Miriam Margolyes Launches New Showtime! Exhibition at Charles Dickens Museum

Inside the new exhibition at the Charles Dickens Museum
Patron of the Charles Dickens Museum Miriam Margolyes has officially opened its new exhibition Showtime! revealing the author's love of performing and two centuries of productions of his stories for theatre, film, television, radio and podcast.
The co-writer and solo star of Dickens’ Women in which she played multiple characters including Little Nell, Miss Havisham, Mrs Gamp and Mrs Micawber launched the exhibition ahead of her Edinburgh Festival show Margolyes & Dickens: More Best Bits.
Margolyes was joined at the museum by Lucinda Dickens Hawksley, writer, historian and great-great-great granddaughter of Charles and Catherine Dickens, and Frankie Kubicki, the Director of the Charles Dickens Museum, to discuss the theatrical life of Dickens and the enduring popularity of his greatest stories on stage, screen and radio.
“If I could have one wish in the world it would be to be in the audience at a Dickens reading," said Margolyes. "Dickens would have been an actor. He wanted to be an actor but had a cold and missed his audition. That was the end of his being an actor, though he never stopped being an actor really. He was an observer. Dickens had a technique of writing that was very filmic. He starts a little way away and them zooms in.”
During the launch, she gave readings includings Dickens’s own article from 1853 in which he recounts being separated from his family in London as a child,and finding himself in a theatre, a September 1845 letter in which Dickens gives himself a glowing review after performing on stage in Every Man in His Humour by Ben Jonson.
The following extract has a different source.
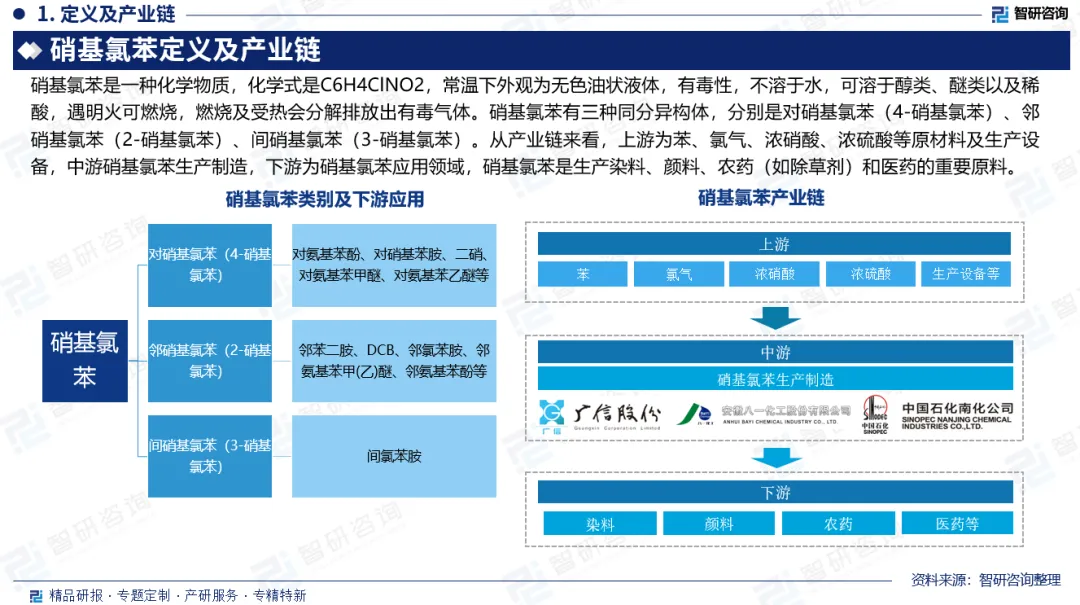 产业链:从硝基氯苯产业链来看,上游为苯、氯气、浓硝酸、浓硫酸等原材料及生产设备,中游硝基氯苯生产制造,下游为硝基氯苯应用领域,硝基氯苯是生产染料、颜料、农药(如除草剂)和医药的重要原料。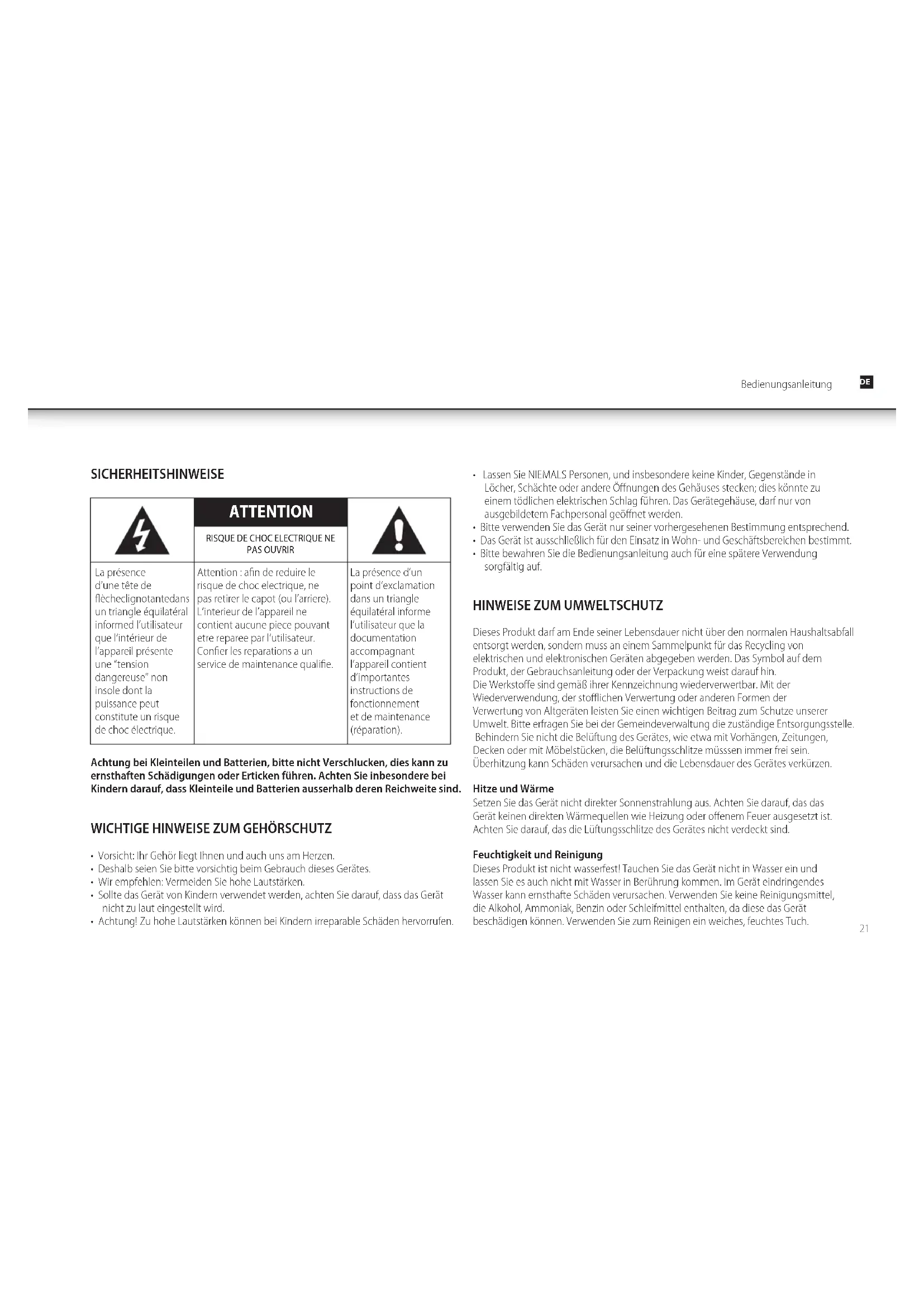 - WARNING: Offnen Sie keinesfalls das Gerät, sondern wenden sich mit Reparaturen oder Wartungen stets an einen autorisierten Kundendienst.

Highlights from the exhibition include:
- Charles Dickens’s own acting copy of the play Used Up by Irish playwright Dion Boucicault, heavily marked-up with notes to himself
- the engraved ivory theatre pass which gave Dickens free entry to performances at Her Majesty's Theatre, Haymarket
- the silver cup awarded to Dickens by fellow theatre company members in Montreal
Showtime! runs until January 18, 2026, and is part of the 100th birthday celebrations of the Museum at 48 Doughty Street, the only surviving London house in which Charles Dickens lived and the place where he wrote the stories that made him an international superstar.